A necessidade de se recuperar estes rejeitos gerou uma investigação científica, com o propósito de tornar a prancha de surf um produto sustentável e ecologicamente correto. Este projeto, denominado de Marbras et Mundi (Movimento Associativo de Reciclagem Brasileira no Surf e no Mundo), foi idealizado e vem sendo implementado pelo surfista e Mestre em Engenharia Ambiental, pela Universidade Federal de Santa Catarina (Florianópolis) - Paulo Eduardo Antunes Grijó, que sistematizou uma metodologia para minimizar o consumo de água, energia elétrica e geração de resíduos no processo fabril das pranchas de surf, além de pesquisar e criar métodos para a recuperação dos resíduos gerados. Um método de captação dos particulados em suspensão e controle dos efluentes é necessário visando um sistema produtivo que potencialize a Medicina e a Segurança dos trabalhadores envolvidos. Outra prerrogativa deste estudo é maximizar recursos naturais não renováveis, transformando o lixo industrial não eliminável, em matéria-prima de segunda geração econômica, com o objetivo de valorizar estes materiais, gerar renda e oportunidade de trabalho, para jovens carentes, com a implantação e operação desta atividade. É possível utilizar estes resíduos como substituto parcial de agregados, na fabricação de artefatos de concreto (com propriedades de isolamento termo-acústico) para a construção civil, incorporá-los com resinas virgens de poliuretano, após pulverização dos rejeitos, para produção de uma blenda de poliuretano recuperado, que poderá ser empregado na produção de pranchas de surf recicladas. Também é possível incinerar os resíduos, com efetivo controle ambiental, para recuperar sua energia, em função do alto poder calorífico desses dejetos. Finalmente é viável aquecer os resíduos a uma determinada temperatura e em seguida realizar termo-prensagem, para a produção de painéis para isolamento termo-acústico amplamente utilizados em edificações. Outras formas de recuperação desses materiais residuais estão sendo pesquisadas, experimentadas e esta pesquisa foi validada recentemente através de apresentação e defesa de uma dissertação de Mestrado, junto ao Programa de Pós Graduação em Engenharia Ambiental da UFSC.

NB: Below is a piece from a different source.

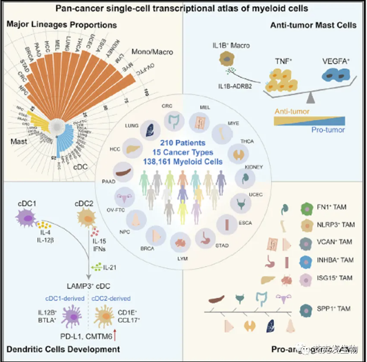 不得不提的利用纯单细胞数据挖掘就能发表在Cell杂志上的名为A pan-cancer single-cell transcriptional atlas of tumor infiltrating myeloid cells的文章[7]。该研究在单细胞水平对15个癌种内肿瘤进展的关键调节因子——肿瘤浸润髓系细胞(TIMs)进行了系统性的刻画,比较了肥大细胞、树突状细胞以及肿瘤相关巨噬细胞在不同癌种内的特性,为靶向不同癌种内髓系细胞的免疫治疗提供了重要依据。(另一篇Cell是做的新冠研究,艾发发同学在此未赘述)

Esta iniciativa inédita, ao nível mundial, visa promover um processo de educação ambiental e práticas ecológicas na indústria do surf aspirando transformar a prancha de surf e seu processo produtivo numa atividade sustentável e saudável, pois toda indústria que gera poluição ou toxicidade pode e deverá ser redimensionada, a fim de se evitar prejuízos à saúde pública e ao meio ambiente. Este produto, após processo de gestão ambiental será certificado com um selo ecológico criando, portanto, um produto diferenciado no mercado consumidor.

Valorizar resíduos de materiais provenientes de recursos naturais não renováveis é um emergente desafio para a humanidade neste início de milênio, considerando-se a escassez de áreas para aterramento de dejetos e a necessidade inadiável de preservação dos Ecossistemas e dos recursos naturais não renováveis, através do estabelecimento de uma ecoeficiência nos processos industriais. O surf depende das ondas marinhas para sobreviver e a região litorânea necessita dos surfistas para ser devidamente conservada. RECICLAR PARA PERPETUAR! Este é o conceito chave desta iniciativa.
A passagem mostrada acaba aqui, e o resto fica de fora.